Не представляя, как сформулировать всё это в докладе Эрику, Тир даже рассмотрел мысль о том, чтобы не говорить вообще ничего. Плохая была мысль. Негодная. Не сказать в данном случае – то же самое, что соврать. А врать – это отвратительно.

– Не понимаю, что тебя беспокоит, – заметил Эрик, – у старогвардейцев появляется потребность в убийстве? Так это естественно для людей. В своей тяге к убийствам ты – не исключение.

– Им понравится убивать, – объяснил Тир.

– Насколько сильно?

– Так же, как мне.

Он подумал и добавил, глядя мимо Эрика:

– Я не всегда могу с этим справляться.

– И, однако, ты не замечен в убийствах, кроме как на войне. Значит, справляешься.

– Не замечен…

…Смотрит мимо. Морда каменная. Руки по швам.

Сердится.

Легат Старой гвардии сердится на своего императора так часто, что это, кажется, тоже начинает входить в привычку. У императора. И у легата.

Легат убеждён, что император во всём должен быть лучше других людей, должен быть умнее и понятливее; как же иначе, ведь ему оказали честь и выбрали в хозяева…

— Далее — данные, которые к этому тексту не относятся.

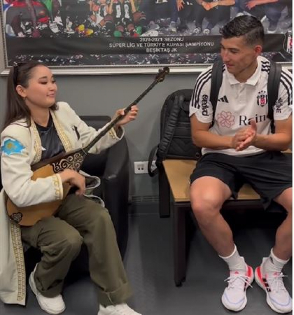 Алматинская исполнительница Aididau сыграла на домбре после первого гола Бактиера Зайнутдинова песню фанатов «Бешикташа».
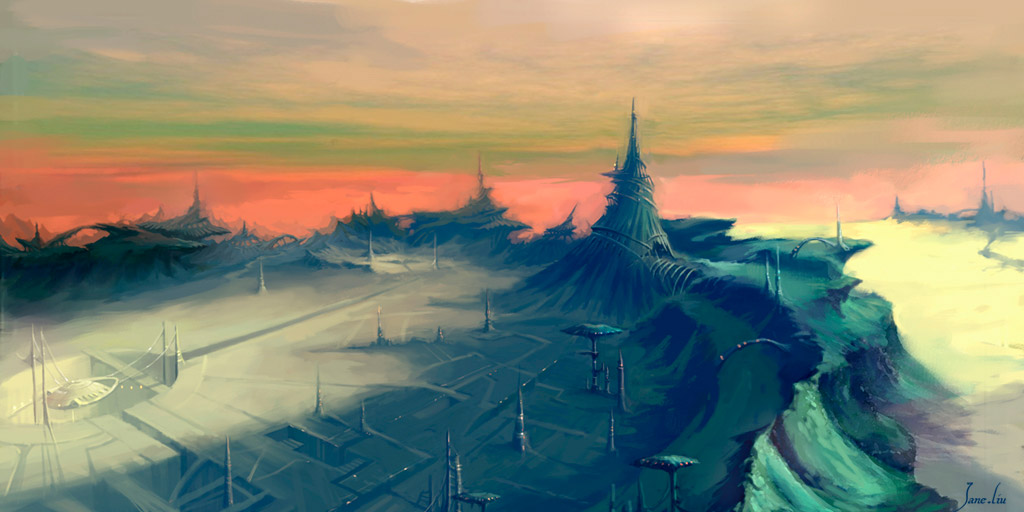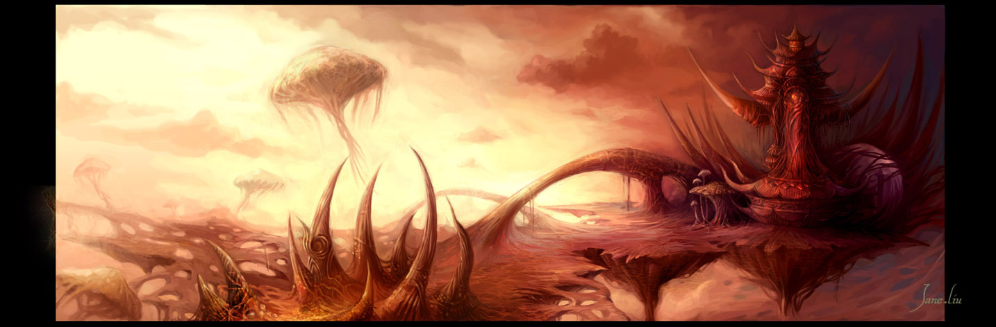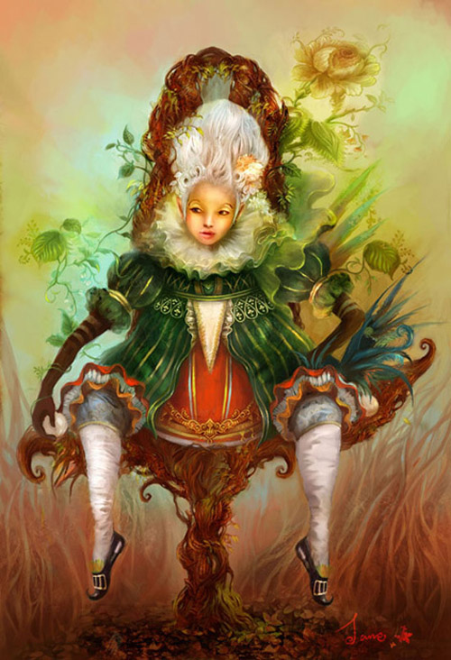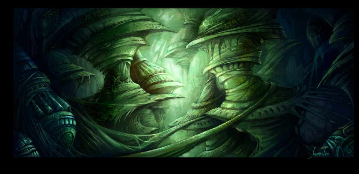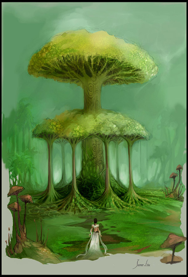 Jane Lin es la parte femenina de Chain and Jane. Aunque en su trabajo también encontramos algunos personajes, ella se especializa más en la creación de esos mundos fantásticos mitad vídeo-juego mitad fantasía Avatar. Mundos exóticos con algunas reminiscencias a culturas alpinas. El empleo de la paleta de colores también es espectacular aunque muchas veces sus mundos están sumidos en las sombras que producen espesos bosques. Un complemento perfecto para un gran trabajo en equipo.

А император ну никак не желает соответствовать!

Эрик постарался не улыбнуться. Нельзя давать себе волю, а то этот хмурый парень со смешным прозвищем быстро почует, что с точки зрения Эрика фон Геллета его злость выглядит забавно и почти трогательно. Демон, беспокоящийся о душевной чистоте вверенного ему подразделения… Абсурд.

Грэй прав, демон из Тира фон Рауба негодный. А вот командир – отличный.

– Если ты умеешь преодолевать тягу к убийствам, значит, и они смогут. Суслик, они не дети.

Взгляд меняется. Теперь смотрит в глаза.

– Ваше величество! Они могут стать такими же, как я.

– Это так плохо?

Судя по его лицу – это просто ужасно. Гораздо ужасней, чем непроходимая тупость императора, не способного понять, насколько велика предполагаемая опасность.

Эрик знает всё, что рассказывают про его демона. И знает, что все, кто сочиняет и пересказывает слухи, понятия не имеют, что такое этот демон на самом деле. Больше того, демон и сам не знает, что он такое. Считает себя воплощённым злом, уверен, что все вокруг думают так же… Но чего за ним не водится, так это склонности к преувеличениям реально существующих проблем.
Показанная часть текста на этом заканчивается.